+++ Material provided

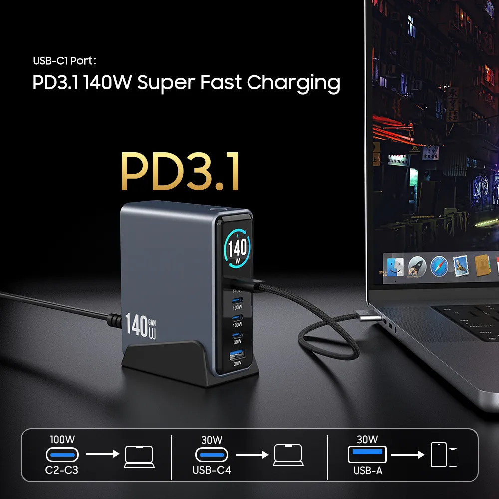 Gebaut mit fortschrittliche GaN-Technologie (Galliumnitrid). und USB-C PD 3.1, es liefert bis zu 140 W Single-Port-Ausgang bei gleichzeitig stabiler Leistung, geringerer Hitzeentwicklung und kompakter Größe.
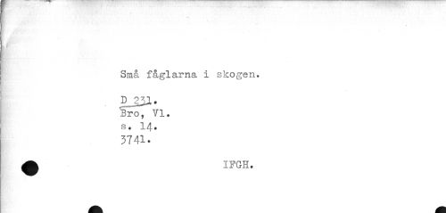 //// yf //// Små fåglarna i skogen. //// D 2£U //// Bro, VI. //// B «- 1 /l # //// 3741. //// A IFGH. ////
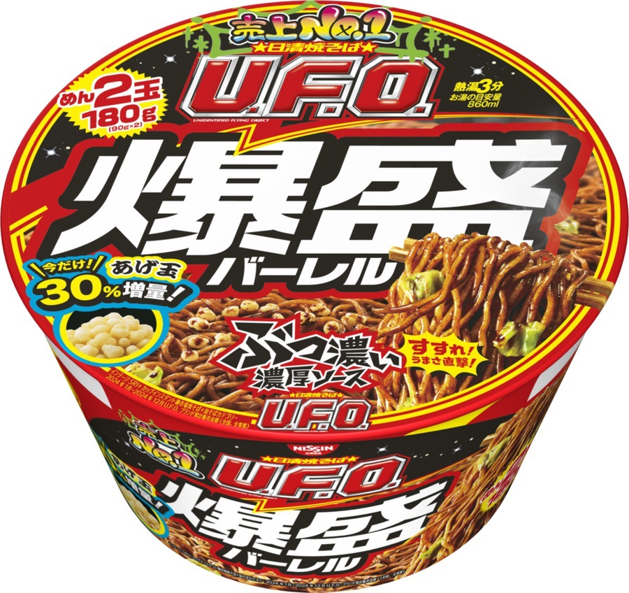 「日清焼そばU.F.O.爆盛バーレル」は、「U.F.O.」史上最重量となる180gの麺と、「U.F.O.」ならではの"ぶっ濃い濃厚ソース"を心ゆくまで味わうことのできる商品。
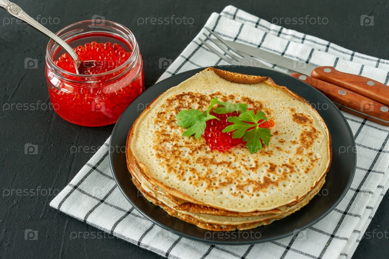 Традиционные русские крепы блины сложены в тарелку с красной икрой на деревянном фоне. Масленица традиционная русская праздничная еда. Русская еда, русская кухня. Закрыть
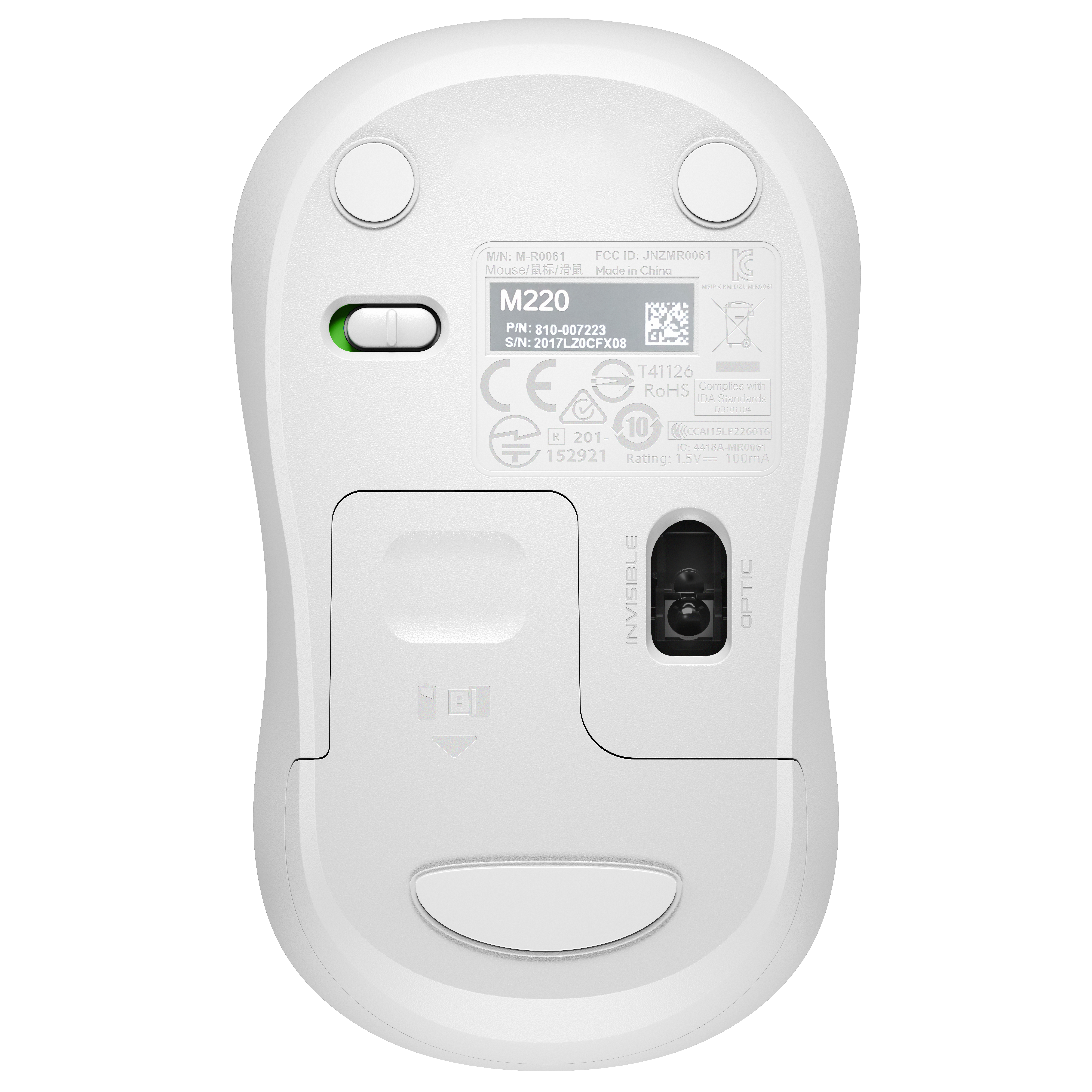 Logitech M220 SILENT. Factor de forma: Ambidiestro. Tecnología de detección de movimientos: Óptico, Interfaz del dispositivo: RF inalámbrico, Resolución de movimiento: 1000 DPI, Cantidad de botones: 3, Tipo de desplazamiento: Rueda. Fuente de energía: Baterías. Color del producto: Blanco
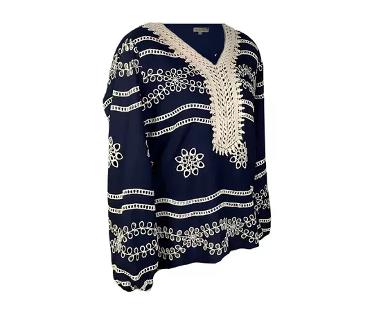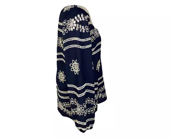 Bluza bleumarin din viscoza cu maneca lunga cu perforatii si motiv floral crem.
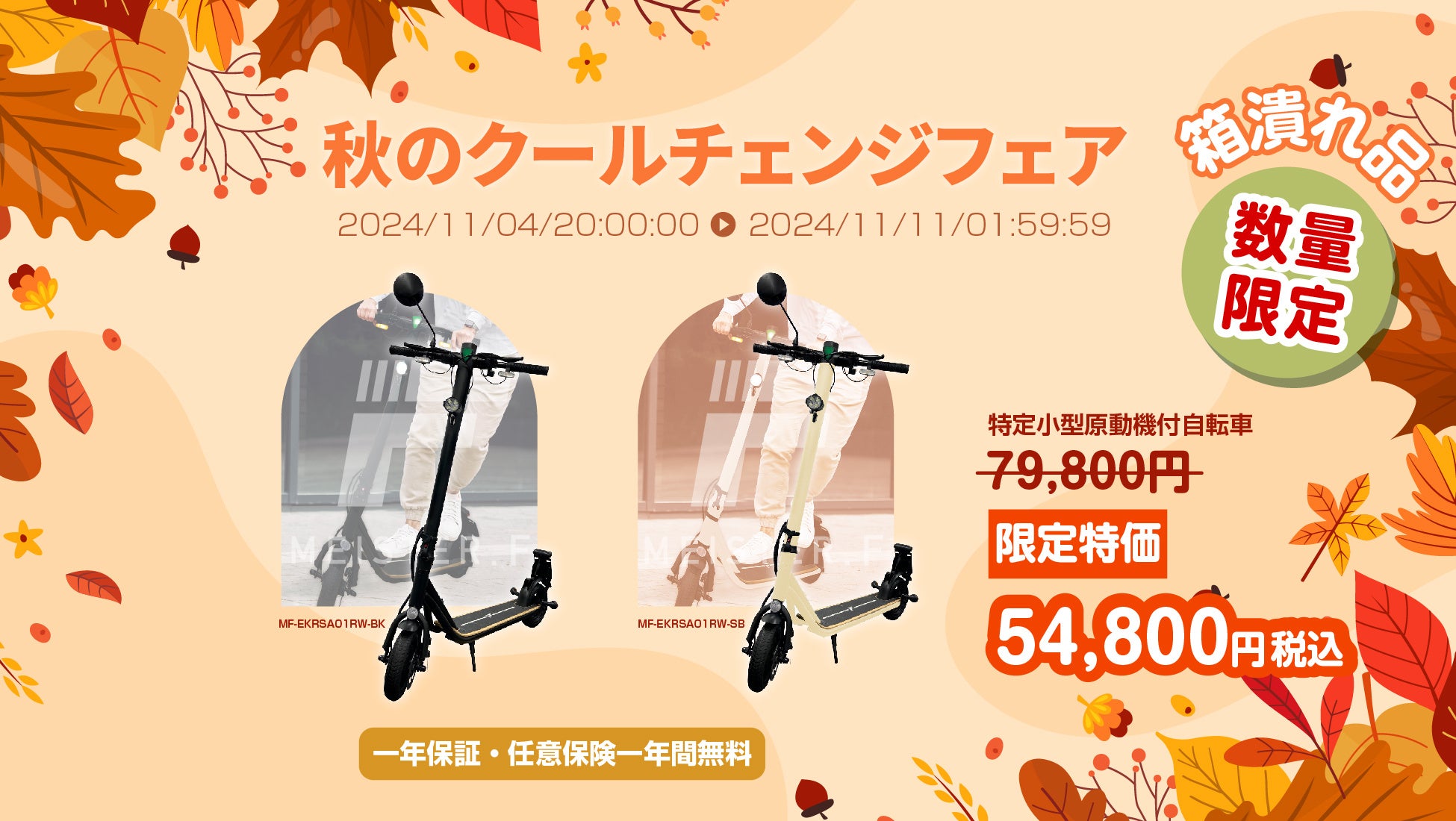 秋の涼しさが心地よい季節になりましたね。この秋、楽天『Show !t』ではクールチェンジフェアを開催中!特定小型電動キックボードを、秋の特別価格で手に入れるチャンスです。初心者にもぴったりなブランドから、今ならフロントバッグが無料で付属し、さらに輪行バッグもお得な価格で購入可能です。期間中は1年間の任意保険無料キャンペーンも継続中!スペシャルセットもご用意していますので、ぜひこの機会にお得なセットをご活用ください。

++++++

• **Task brief**: Copy exactly the lines from the line that holds "A IFGH. ////" to the end of the listing, both included. Leave the pictures out.

• **Result of the exercise**:
 //// yf //// Små fåglarna i skogen. //// D 2£U //// Bro, VI. //// B «- 1 /l # //// 3741. //// A IFGH. ////
 「日清焼そばU.F.O.爆盛バーレル」は、「U.F.O.」史上最重量となる180gの麺と、「U.F.O.」ならではの"ぶっ濃い濃厚ソース"を心ゆくまで味わうことのできる商品。
 Традиционные русские крепы блины сложены в тарелку с красной икрой на деревянном фоне. Масленица традиционная русская праздничная еда. Русская еда, русская кухня. Закрыть
 Logitech M220 SILENT. Factor de forma: Ambidiestro. Tecnología de detección de movimientos: Óptico, Interfaz del dispositivo: RF inalámbrico, Resolución de movimiento: 1000 DPI, Cantidad de botones: 3, Tipo de desplazamiento: Rueda. Fuente de energía: Baterías. Color del producto: Blanco
 Bluza bleumarin din viscoza cu maneca lunga cu perforatii si motiv floral crem.
 秋の涼しさが心地よい季節になりましたね。この秋、楽天『Show !t』ではクールチェンジフェアを開催中!特定小型電動キックボードを、秋の特別価格で手に入れるチャンスです。初心者にもぴったりなブランドから、今ならフロントバッグが無料で付属し、さらに輪行バッグもお得な価格で購入可能です。期間中は1年間の任意保険無料キャンペーンも継続中!スペシャルセットもご用意していますので、ぜひこの機会にお得なセットをご活用ください。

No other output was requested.